Last edited by BobbleheadDoll
I go by the ol' saying " where theres smoke, there might be fire ".

Grumbling, complaining, disatifaction, are all warning signs that perhaps something is wrong. Doesnt necessarily mean something is wrong, but probably warrants looking into.

The problem I have is when parents/players are expressing concerns and the AD takes no action to investigate, assuming parents/players are simply unnecessarily whining.

It took an entire summer and season to get our AD to FINALLY take notice of an abusive coach. Cold hard evidence was presented finally by some very savey players. In the end, Coach was fired and expelled from the district. If only the AD had acted earlier, we could have spared our kids from the abuse.
Quite a learning experience, but such a shame.
Last edited by shortstopmom
Interesting posts from everyone - we have had our share of good/bad coaches but I always tell my kids
1. There are good/bad bosses and co-workers in the real world - get used to it
2. Life is not fair - get used to it.
They need to learn to deal with difficult people.
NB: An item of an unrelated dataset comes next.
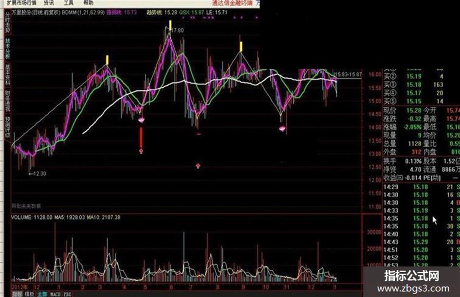 强弱线:MA(C,5),COLORFF00FF,LINETHICK3;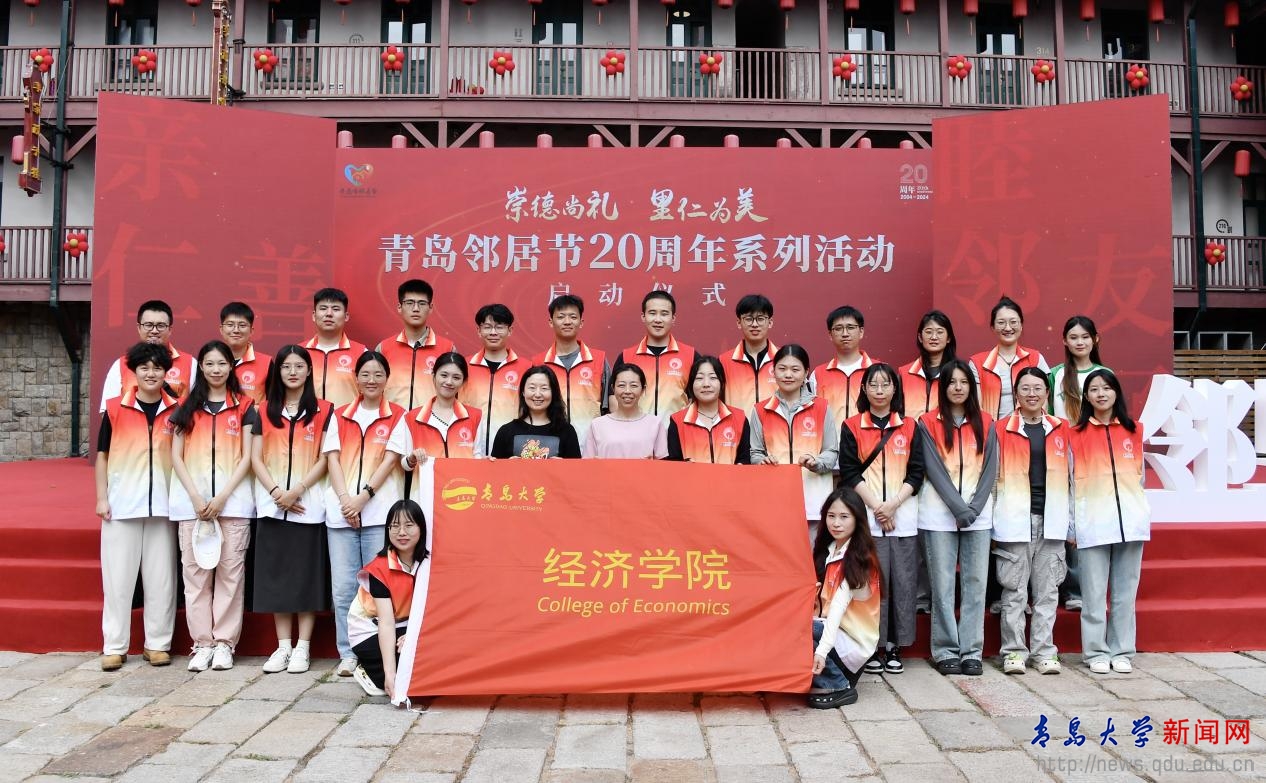 新闻网讯 6月17日,经济学院党委副书记于文洁、辅导员周小昀带领经彩青春服务队24名志愿者赴青岛市市北区大鲍岛文化休闲街区广兴里参加“崇德尚礼·里仁为美”青岛市邻居节20周年系列活动启动仪式。活动由中共青岛市委宣传部、中共青岛市北区委主办。

If they are being abused then I will get involved but not otherwise.
All good posts from both sides.

The fact that nobody is perfect (both coaches and parents), tells me that either can be wrong (or right).

I am always willing to give a coach the benefit of the doubt. I coached 16 YO in select ball so I know how it feels when people complain. I try to let my son handle his "problems" with the coach.

Obviously there are times when further steps are needed when things get really out of hand.

My son is in a "situation" right now, that I am hoping will work itself out, or he will work it out on his own. It is difficult.
Confused
Sometimes the HighSchool Team just doesn't have the talent to compete with everyone else. If a bad coach gets all the best prospects then he is labeled a great coach. If a good coach inherits some bad talent for a while, well you know the rest.

I find it funny because if you really look at it it is basically Little League all over again, just magnified 10 times.

My current situation is interesting because I am not seeing alot of talent on the Varsity level. But the influx of talent coming in this year and next year will turn the program around. Bottomline , in my opinion, talent will win ball games. Not bad coaches and overzealous parents.
quote:
Originally posted by obrady:
We will all know that there are good and bad throughout the world. To me, the difference is that in a job, or college, or sports past high school, you can quite (demand a trade) and go somewhere else. In high school you are stuck.


Stuck is a good word. Of course, you are excluding professional baseball for the first 5 years of a career with a MLB affiated team though.
Racab,
I think you have agreed with me. There are times when parents are right. The proper approach is not to go after the coach. The proper approach if the situation is that bad is to take the player out of the program. However, one also has to understand that there are consequences to be paid if one leaves a program.

The only situation in which a parent MUST intervene is in the case where a coach is clearly risking significant long term damage to a player's health, which is the situation Fungo referred to.

As far as winning or losing goes I believe a coach can consistently produce winning teams without being a good coach by simply being a good recruiter (by recruiting I don't mean anything illegal in most cases). I do believe that most coaches who produce winning teams year in and year out are good and usually very good coaches. The exception is pretty rare.

The measure of a coach is how effective he is with the talent he has at hand at winning and at sending players to the next level and determining the talent at hand is a very subjective matter.
mythreesons,
The very definition of how to suck up, no matter how humorously you tried to pass it off.

quote:
I'd prefer to think it's my diplomatic, sparkling personality that makes it hard for coaches to take offense. Or maybe they really like those brownies that keep showing up after games, too!